# My new unnamed betta



## dukie1346 (Mar 22, 2009)

Can you believe he was labeled as a female crowntail? Silly Petco.


----------



## ReyesBetta (Aug 31, 2010)

He's a great store find.. maybe Wax for his cellophane?


----------



## naturegirl243 (Aug 1, 2010)

Wow he is beautiful! and that is deffinatly not a CT female how would anyone even think that lol?


----------



## Betta Slave (Dec 8, 2009)

What the heck were they thinking?? He's stunning! I LOVE cellophanes.


----------



## dukie1346 (Mar 22, 2009)

Thanks 

It's kind of funny, considering he was surrounded by REAL crowntail females. They still didn't notice how all of the females had short spiky fins, while this one had long flowing fins.


----------



## naturegirl243 (Aug 1, 2010)

haha they really thought he was a ct female!
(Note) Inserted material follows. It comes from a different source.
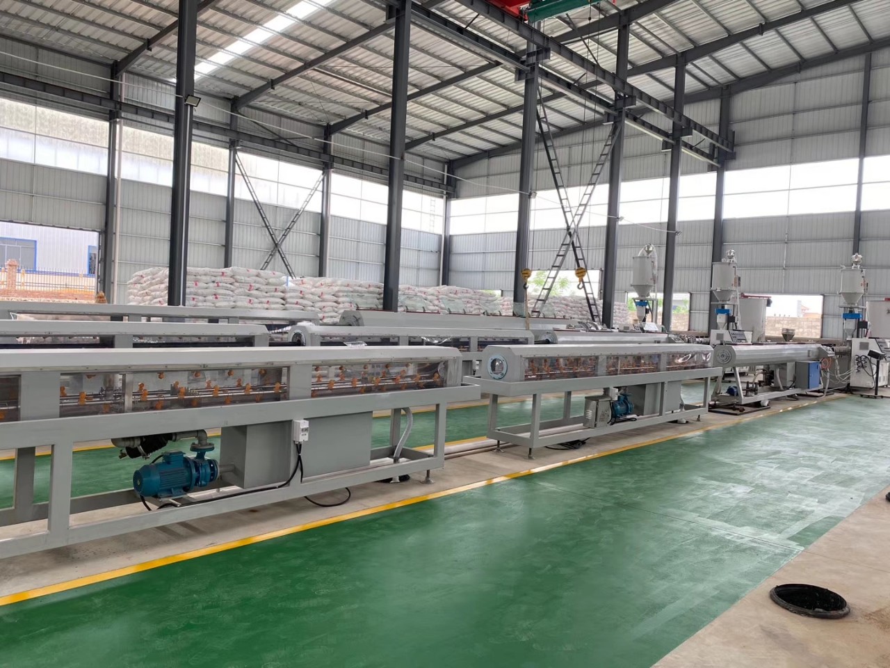 Máy đùn ống nhựa PVC vít đơn nhỏ: sử dụng hạt nhựa PVC, bộ máy chủ, khuôn, máy định hình, máy cắt và máy kéo.

Thats insane he is way to amazing looking to look like a female.Do you have any name ideas?


----------



## dukie1346 (Mar 22, 2009)

I've been getting a few recommendations, but otherwise have no clue what so ever.


----------



## ReyesBetta (Aug 31, 2010)

Like I said, name him Wax!


----------



## bettalover2033 (Feb 17, 2010)

What about Neko pronounced ("Neek-oh").


----------



## bloo97 (Mar 6, 2010)

Cute!


----------



## BettaLover101 (Aug 20, 2010)

Im not sure why, maybe the cool shimmer on his tail, but I would call him Jazzy.


----------



## dukie1346 (Mar 22, 2009)

Neko is cute, except I already had a betta fish named Niko, pronounced the same way


----------



## artist4life (Aug 12, 2010)

he is stunning how can anyone think he was a female


----------



## bettalover2033 (Feb 17, 2010)

okay demetri pronounced ("Dem-ee-tree") or Brutus or( Carrot Top )<-- because he has an orange color spot on his head.

DaVinci , Domenick , Eureka, Fantasma, Flow , Hirudoki , Hydra , or Hydro.


----------